◆ **Provided material**
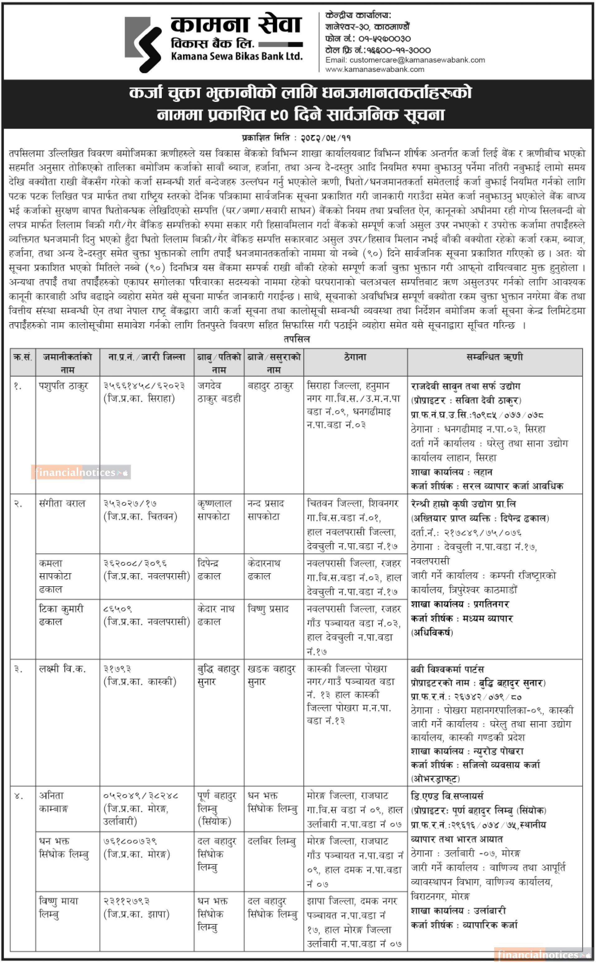 कर्जा चुक्ता भुक्तानीको लागि धनजमानतकर्ताहरुको नाममा प्रकाशित ९० दिने सूचना
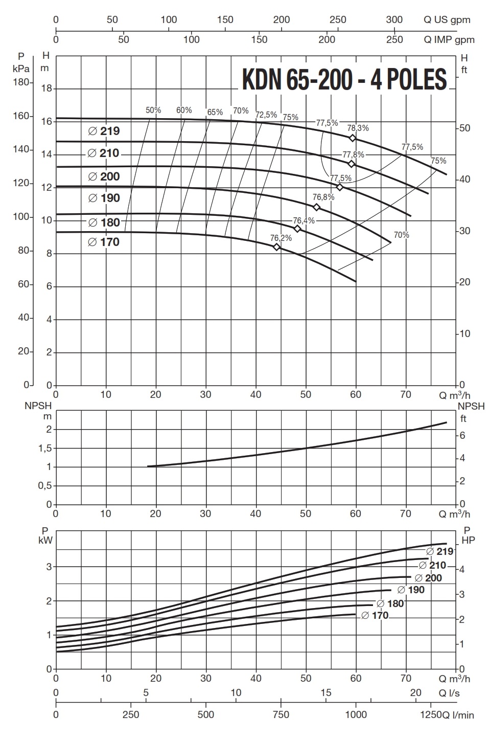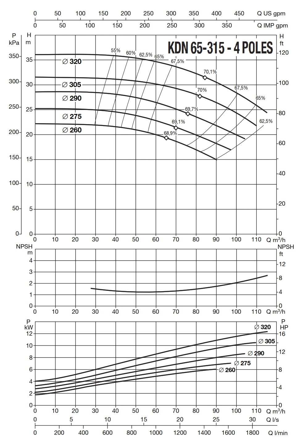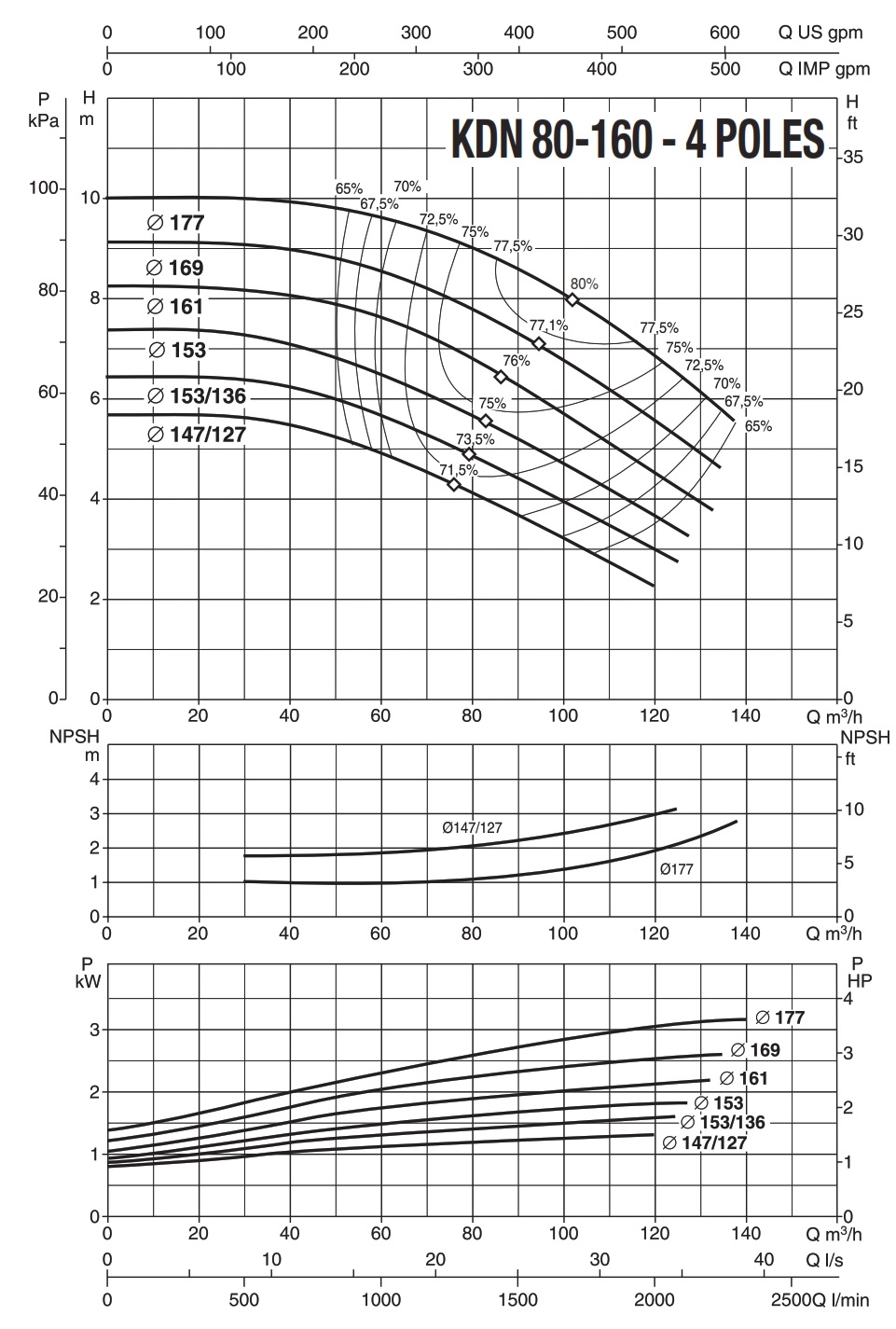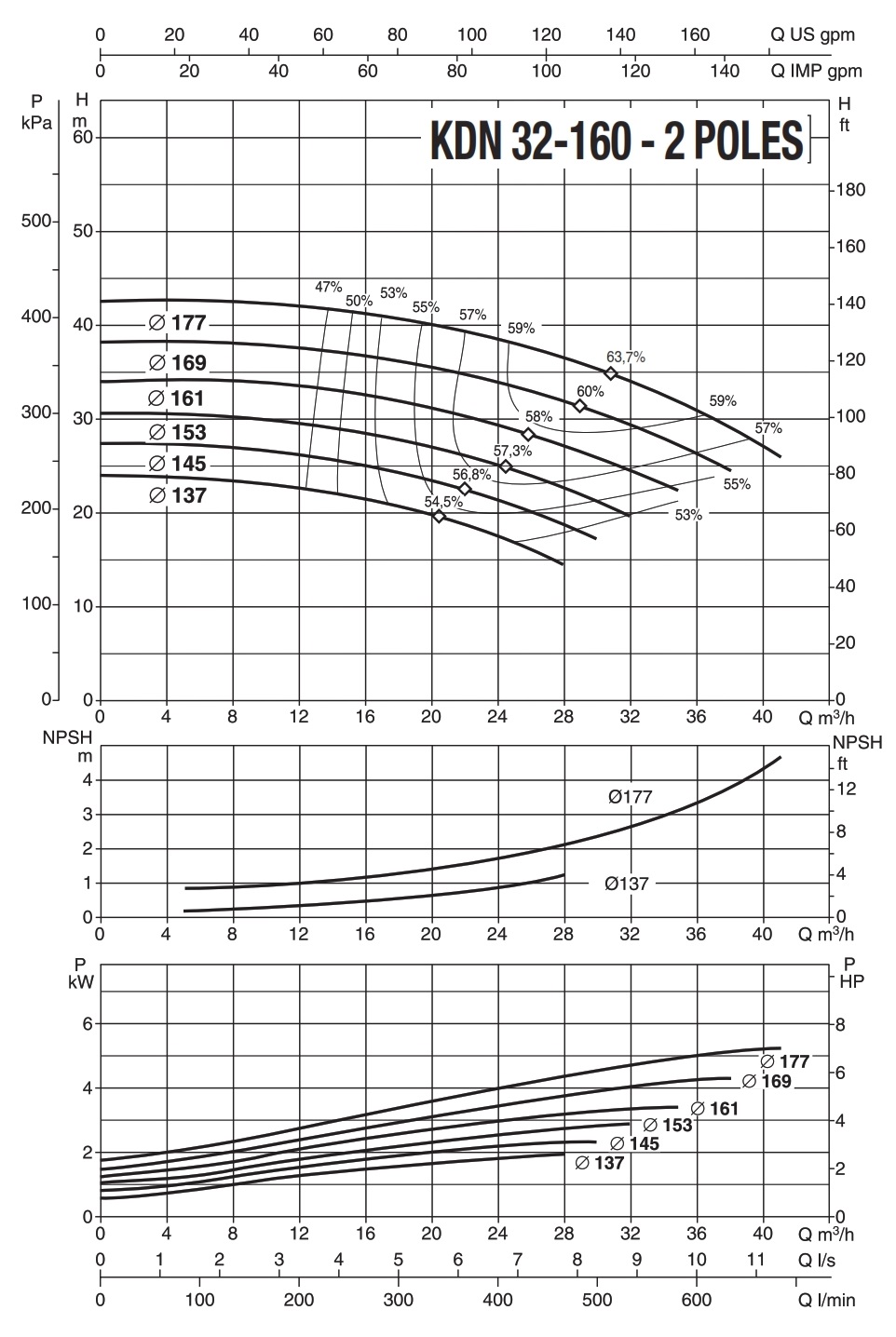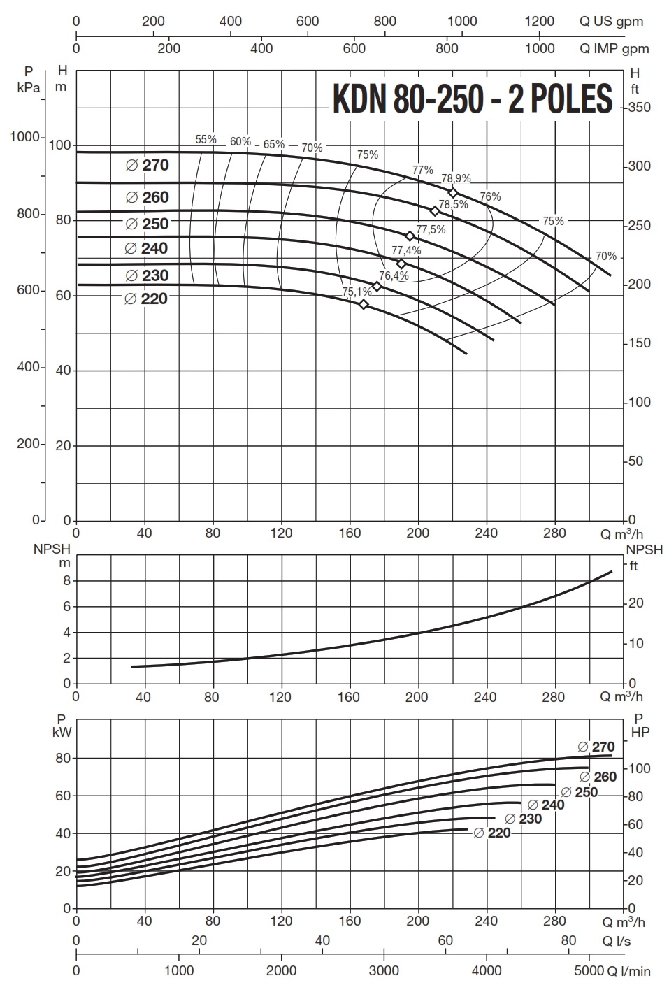 دامنۀ کارکرد پمپ کوپله با شاسی DAB سری KDN
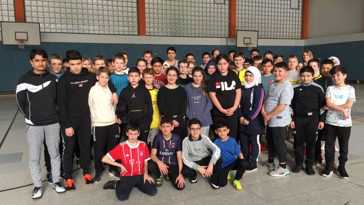 Beim schulinternen Völkerballturnier der Realschule, das traditionell in der letzten Woche vor den Halbjahreszeugnissen stattfindet, setzte sich die Klasse 8a in einem spannenden und hochklassigen Finale gegen die 7a durch. Dritter wurde die Klasse 6a.
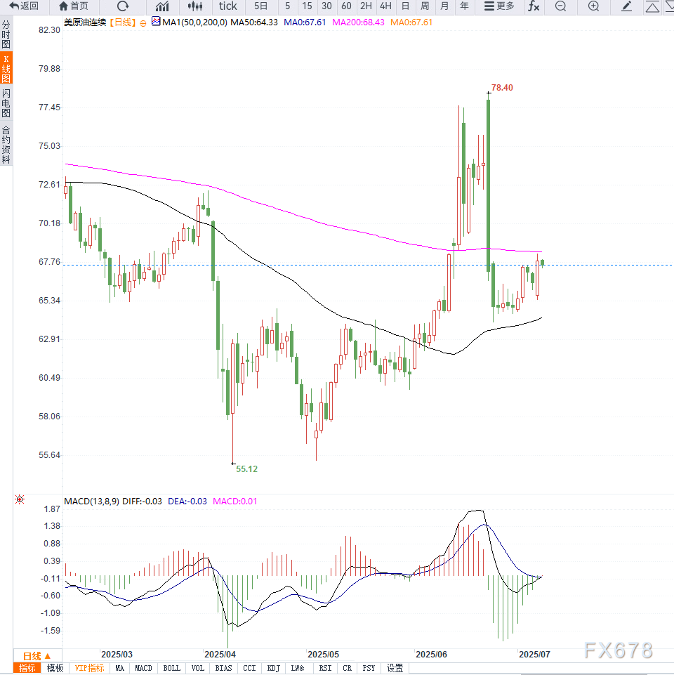 周二原油价格小幅回调,主要受到美国贸易政策变化与OPEC+超预期增产的双重影响。 ![]() “强劲的美国汽油需求是当前支撑油价的关键短期因素。”——据市场调查显示某机构分析师表示 美国商品期货交易委员会(CFTC)数据显示,截至7月1日的一周内,基金经理大幅增加了原油期货和期权的净多头头寸,反映市场在进入美国假期前保持偏多操作情绪。 OPEC+决定八月增产54.8万桶/日,超出先前三个月的月增41.1万桶/日水平。 该决定几乎撤销了此前自愿减产的220万桶/日的剩余部分。高盛分析师预计,在8月3日召开的下次会议上,OPEC+将再宣布9月增产55万桶/日,从而结束当前的增产周期。 不过,值得注意的是,目前实际产量增长仍未完全达到公告水平,主要新增产量仍由沙特主导。 “虽然公告中的增产幅度较大,但多数成员国因技术或政治限制难以完全兑现,沙特依旧承担了大部分供给压力。”——能源研究公司Kpler指出 目前WTI原油价格徘徊于20日与50日均线之间,短期上行趋势暂未被破坏,但K线连续两日录得上影线,显示上方抛压逐步显现。相对强弱指数(RSI)位于50上方,尚未进入超买区间,MACD指标显示红柱动能收缩,或预示价格短期将震荡整理。 关键支撑位关注66.80美元附近(前期低点与上升趋势线交汇处),若跌破该位,将打开回测65美元的空间;而上方初步阻力位位于68.50-69.00美元区间,若能有效突破,有望重新挑战70美元关口。 “若WTI原油维持在66.80美元上方运行,整体偏多结构仍有望延续。”——据市场调查显示的技术分析观点 ![]() 从当前走势来看,油价已进入政策与数据主导的波动阶段。一方面,美国关税新政增强了市场对贸易担忧情绪,另一方面,OPEC+增产虽超预期,但执行力度有限。 短期内,油价将在“需求强劲”与“宏观不确定性”之间拉锯。建议关注8月初OPEC+会议以及美国宏观数据的进一步动态,这将决定油价下一阶段方向。 ![]() |

◆ **Try it**
Set down the material again exactly. Don't carry over any pictures.

◆ **Your solution**
 कर्जा चुक्ता भुक्तानीको लागि धनजमानतकर्ताहरुको नाममा प्रकाशित ९० दिने सूचना
 دامنۀ کارکرد پمپ کوپله با شاسی DAB سری KDN
 Beim schulinternen Völkerballturnier der Realschule, das traditionell in der letzten Woche vor den Halbjahreszeugnissen stattfindet, setzte sich die Klasse 8a in einem spannenden und hochklassigen Finale gegen die 7a durch. Dritter wurde die Klasse 6a.
 周二原油价格小幅回调,主要受到美国贸易政策变化与OPEC+超预期增产的双重影响。 ![]() “强劲的美国汽油需求是当前支撑油价的关键短期因素。”——据市场调查显示某机构分析师表示 美国商品期货交易委员会(CFTC)数据显示,截至7月1日的一周内,基金经理大幅增加了原油期货和期权的净多头头寸,反映市场在进入美国假期前保持偏多操作情绪。 OPEC+决定八月增产54.8万桶/日,超出先前三个月的月增41.1万桶/日水平。 该决定几乎撤销了此前自愿减产的220万桶/日的剩余部分。高盛分析师预计,在8月3日召开的下次会议上,OPEC+将再宣布9月增产55万桶/日,从而结束当前的增产周期。 不过,值得注意的是,目前实际产量增长仍未完全达到公告水平,主要新增产量仍由沙特主导。 “虽然公告中的增产幅度较大,但多数成员国因技术或政治限制难以完全兑现,沙特依旧承担了大部分供给压力。”——能源研究公司Kpler指出 目前WTI原油价格徘徊于20日与50日均线之间,短期上行趋势暂未被破坏,但K线连续两日录得上影线,显示上方抛压逐步显现。相对强弱指数(RSI)位于50上方,尚未进入超买区间,MACD指标显示红柱动能收缩,或预示价格短期将震荡整理。 关键支撑位关注66.80美元附近(前期低点与上升趋势线交汇处),若跌破该位,将打开回测65美元的空间;而上方初步阻力位位于68.50-69.00美元区间,若能有效突破,有望重新挑战70美元关口。 “若WTI原油维持在66.80美元上方运行,整体偏多结构仍有望延续。”——据市场调查显示的技术分析观点 ![]() 从当前走势来看,油价已进入政策与数据主导的波动阶段。一方面,美国关税新政增强了市场对贸易担忧情绪,另一方面,OPEC+增产虽超预期,但执行力度有限。 短期内,油价将在“需求强劲”与“宏观不确定性”之间拉锯。建议关注8月初OPEC+会议以及美国宏观数据的进一步动态,这将决定油价下一阶段方向。 ![]() |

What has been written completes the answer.